What is needed is an exact reproduction of the listing, without its pictures.

◆ **DATA SEGMENT**:
##########
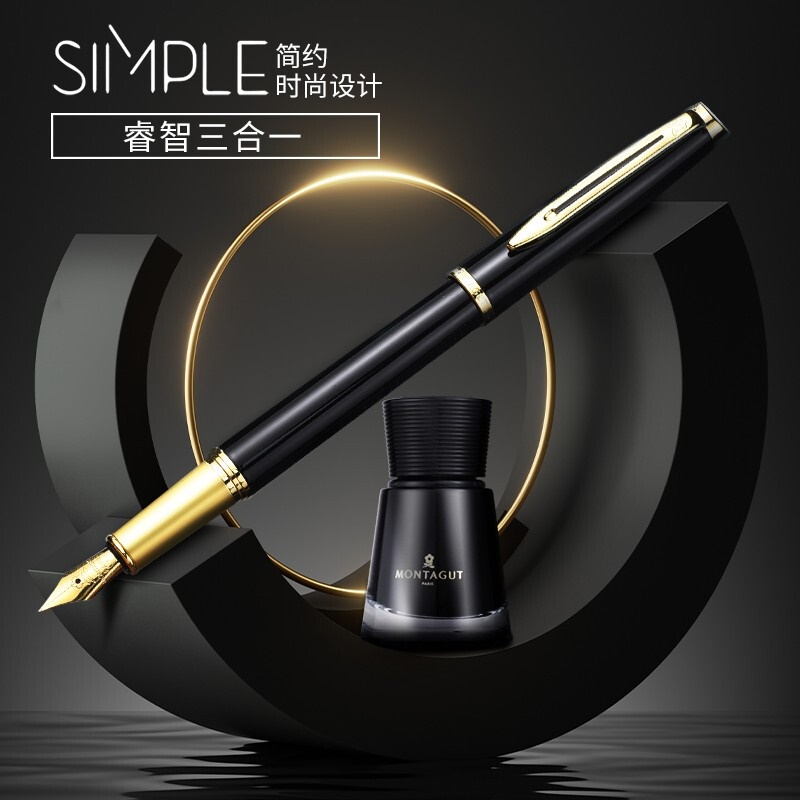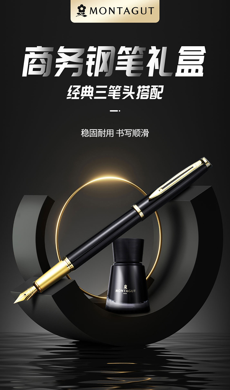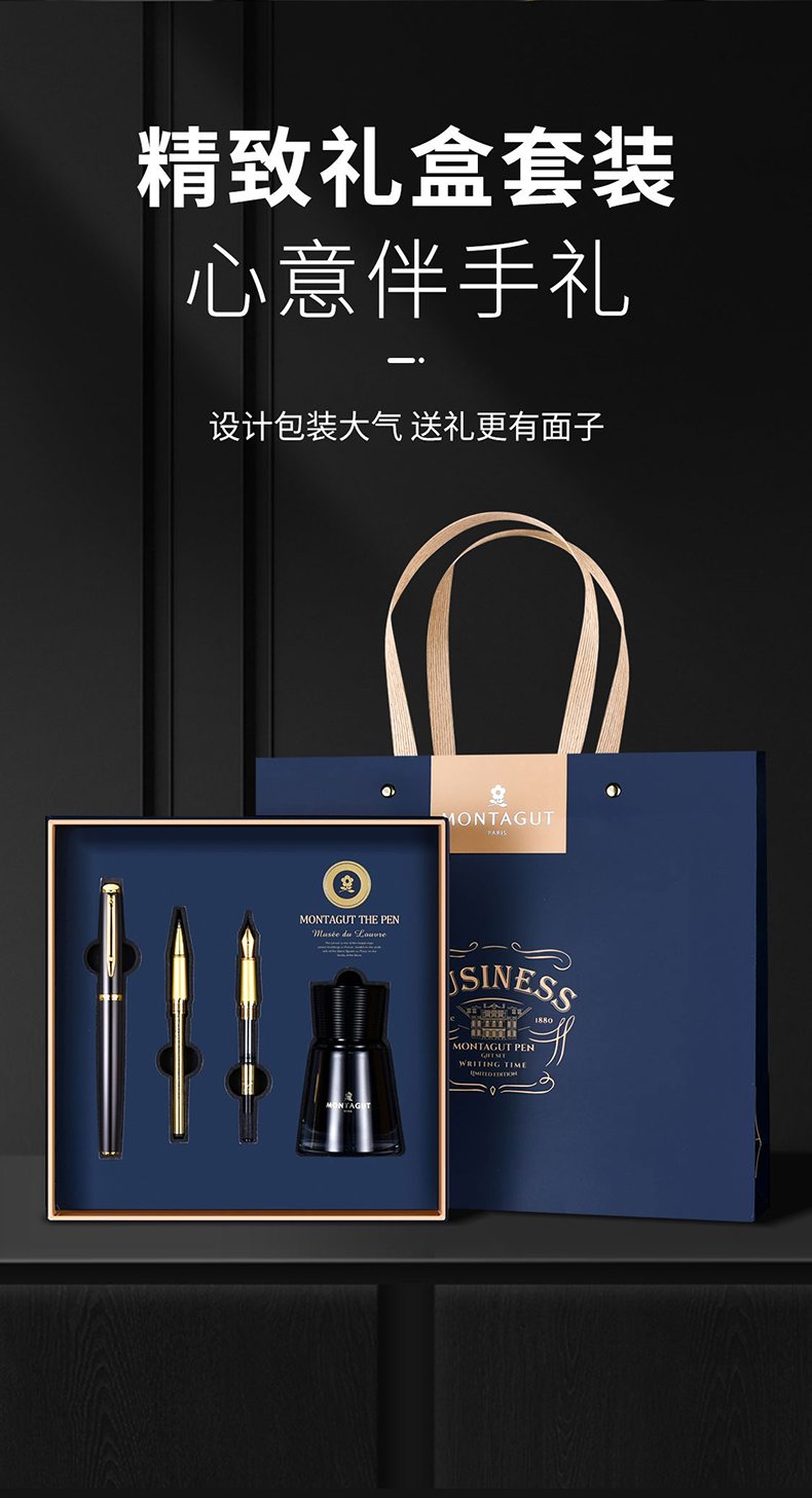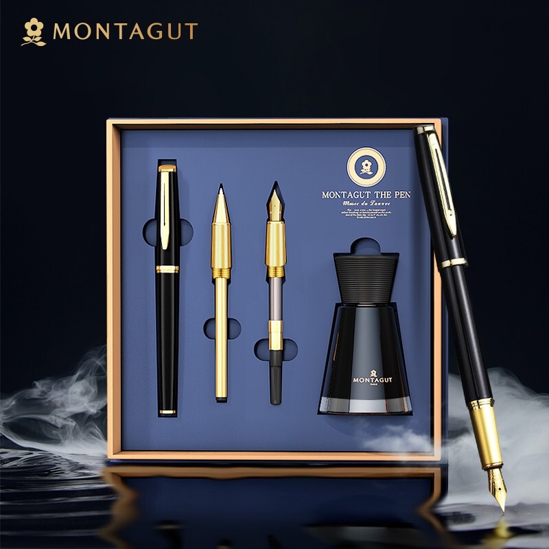 梦特娇(MONTAGUT)钢笔/签字笔/美工笔三合一练字笔男女款办公礼品墨水礼盒套装睿智系列2007-1 黑丽雅
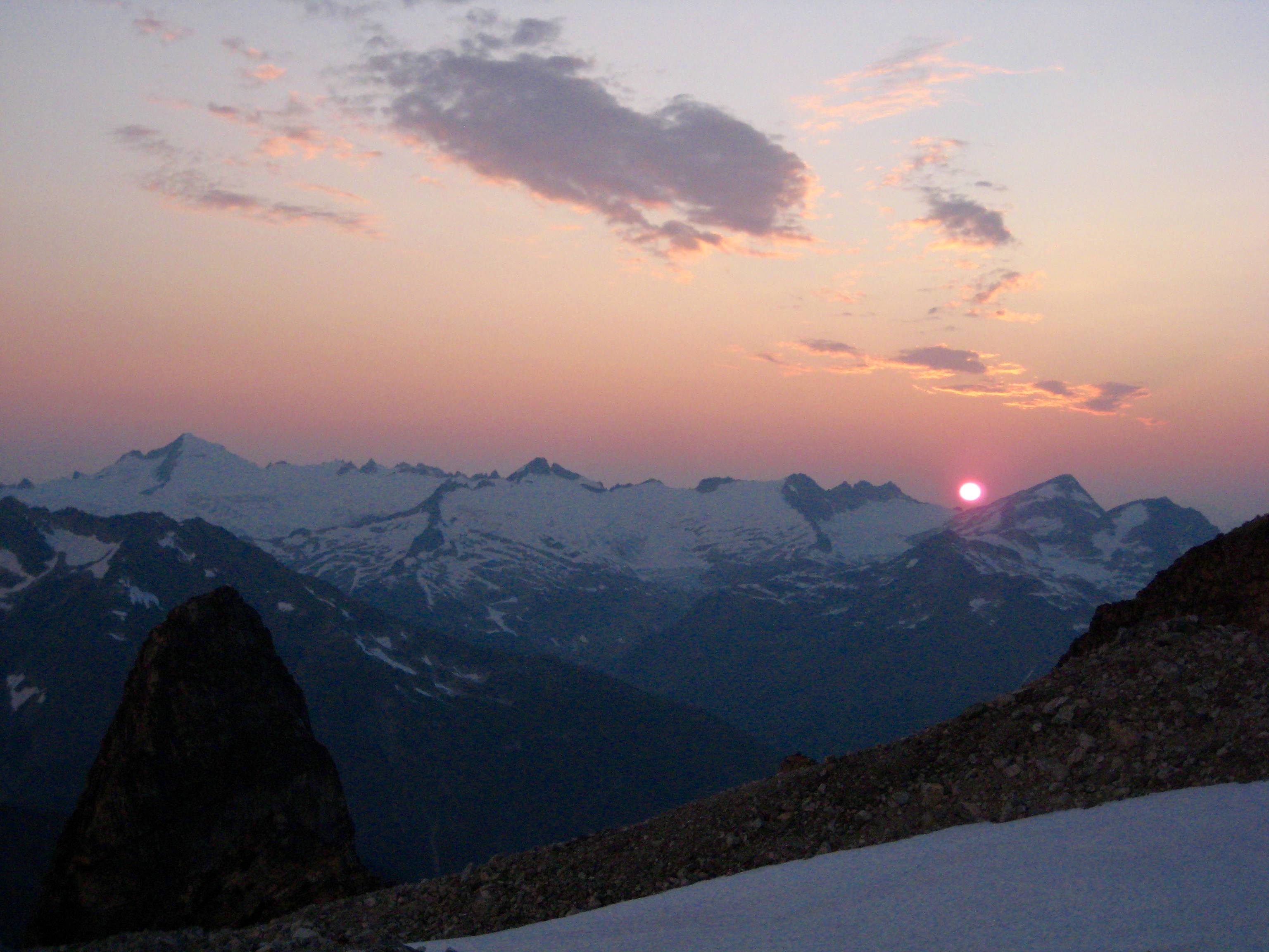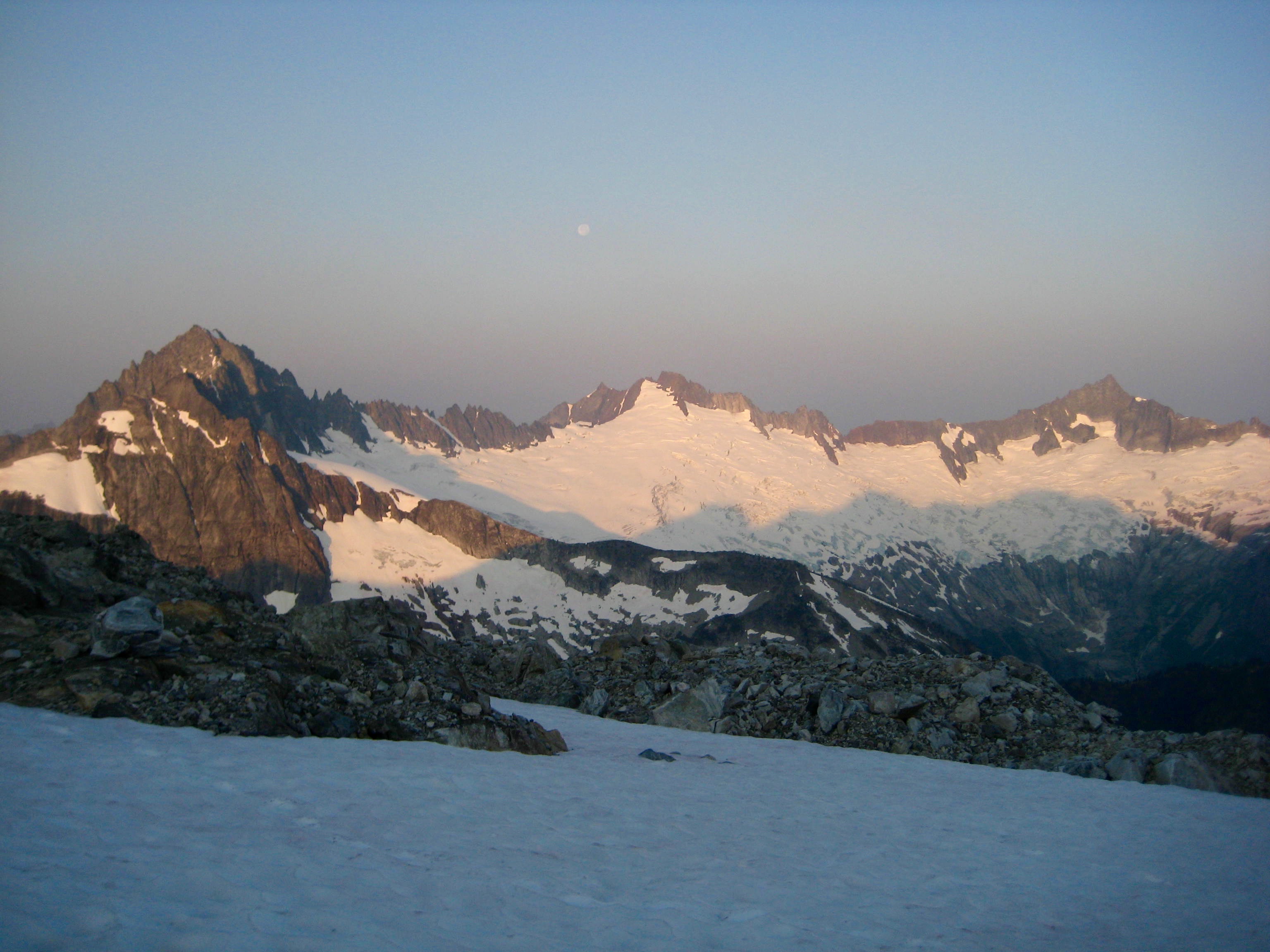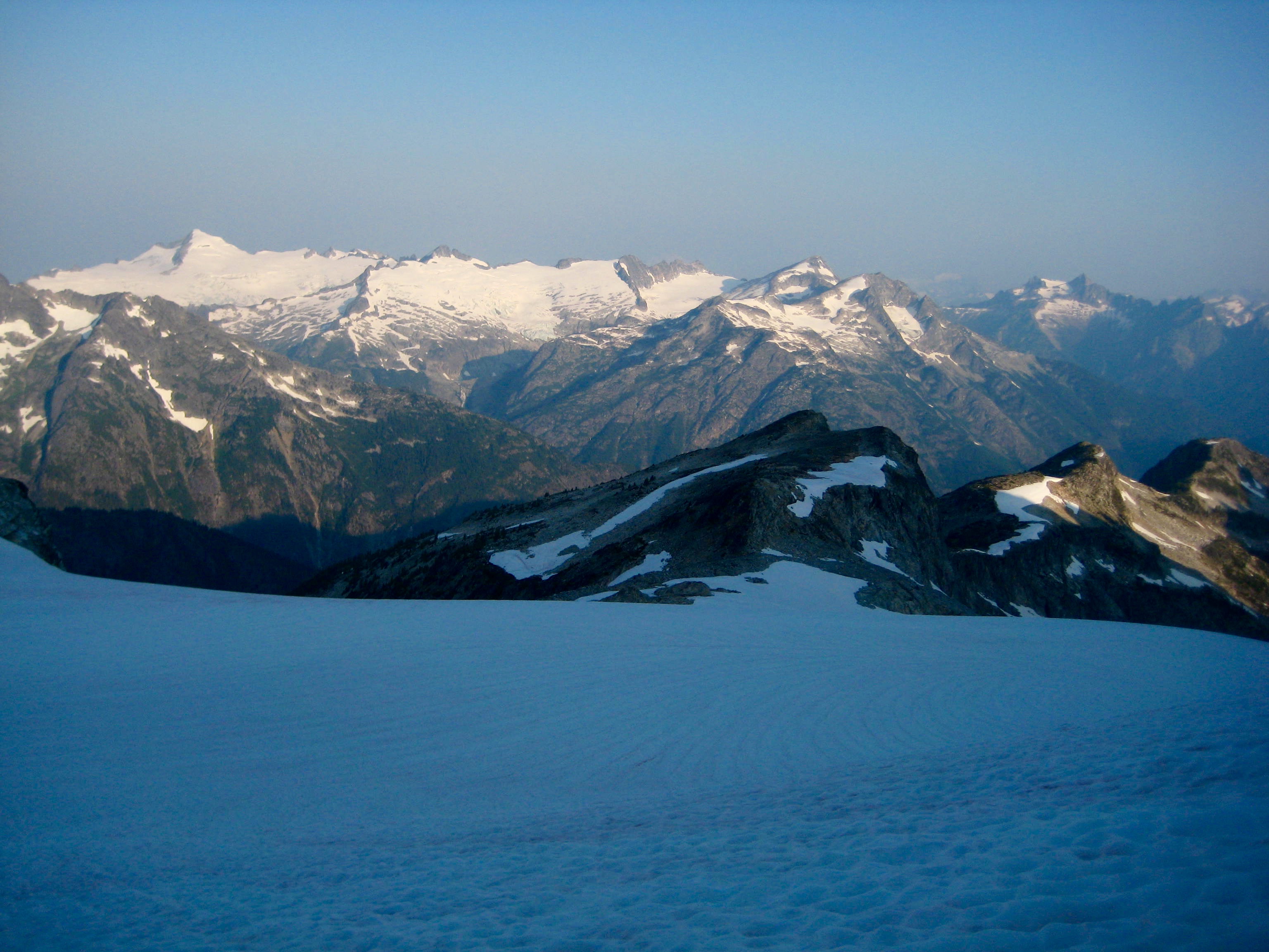 It was now only mid-afternoon, giving us time for a run at the summit, but the 90-degree heat had boiled off our zeal. Therefore, we spent the rest of the day resting, rehydrating, and preparing for a summit climb in the morning. Views of the Boston Glacier and associated peaks across the valley provided visual entertainment despite a heavy haze in the air. (We later learned that lightning strikes had started several forest fires in the region.)
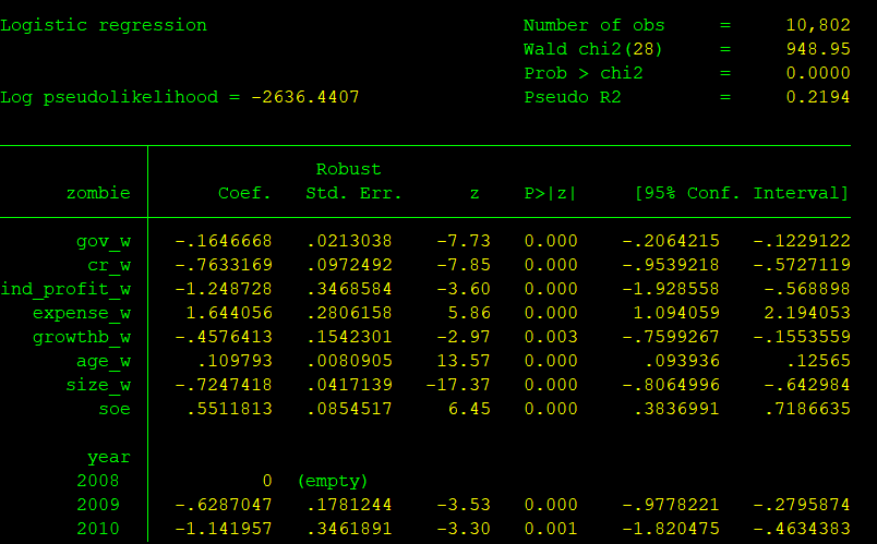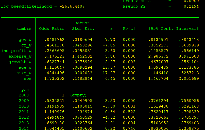 logit回归 非平衡面板 自变量gov_w是连续变量 因变量zombie是二元变量 相关系数为负,意思是不是 gov_w越大,zombie为1的概率越大?这个相关系数的数字有什么含义吗? 但是第二张图的odds ratio的比例是0.848 那这个意思不就是随着自变量的增加,因变量发生1是发生0的0.848倍吗?那这个和前面相关系数不是矛盾了吗
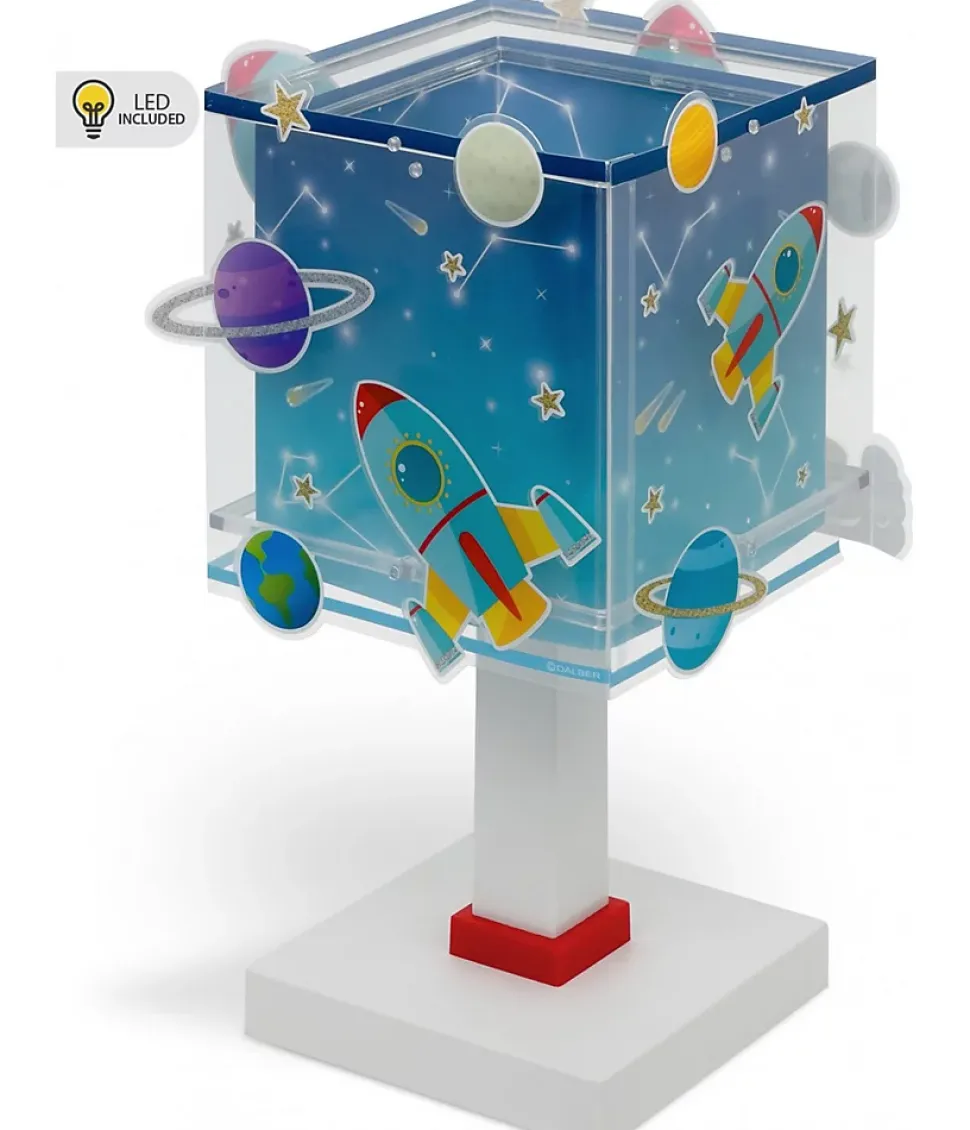 Lampe de chevet pour enfant Rocket Fusée lancement de fusée dans l’espace avec double écran transparent avec motifs découpés.
##########
◆ **RESPONSE**:
 梦特娇(MONTAGUT)钢笔/签字笔/美工笔三合一练字笔男女款办公礼品墨水礼盒套装睿智系列2007-1 黑丽雅
 It was now only mid-afternoon, giving us time for a run at the summit, but the 90-degree heat had boiled off our zeal. Therefore, we spent the rest of the day resting, rehydrating, and preparing for a summit climb in the morning. Views of the Boston Glacier and associated peaks across the valley provided visual entertainment despite a heavy haze in the air. (We later learned that lightning strikes had started several forest fires in the region.)
 logit回归 非平衡面板 自变量gov_w是连续变量 因变量zombie是二元变量 相关系数为负,意思是不是 gov_w越大,zombie为1的概率越大?这个相关系数的数字有什么含义吗? 但是第二张图的odds ratio的比例是0.848 那这个意思不就是随着自变量的增加,因变量发生1是发生0的0.848倍吗?那这个和前面相关系数不是矛盾了吗
 Lampe de chevet pour enfant Rocket Fusée lancement de fusée dans l’espace avec double écran transparent avec motifs découpés.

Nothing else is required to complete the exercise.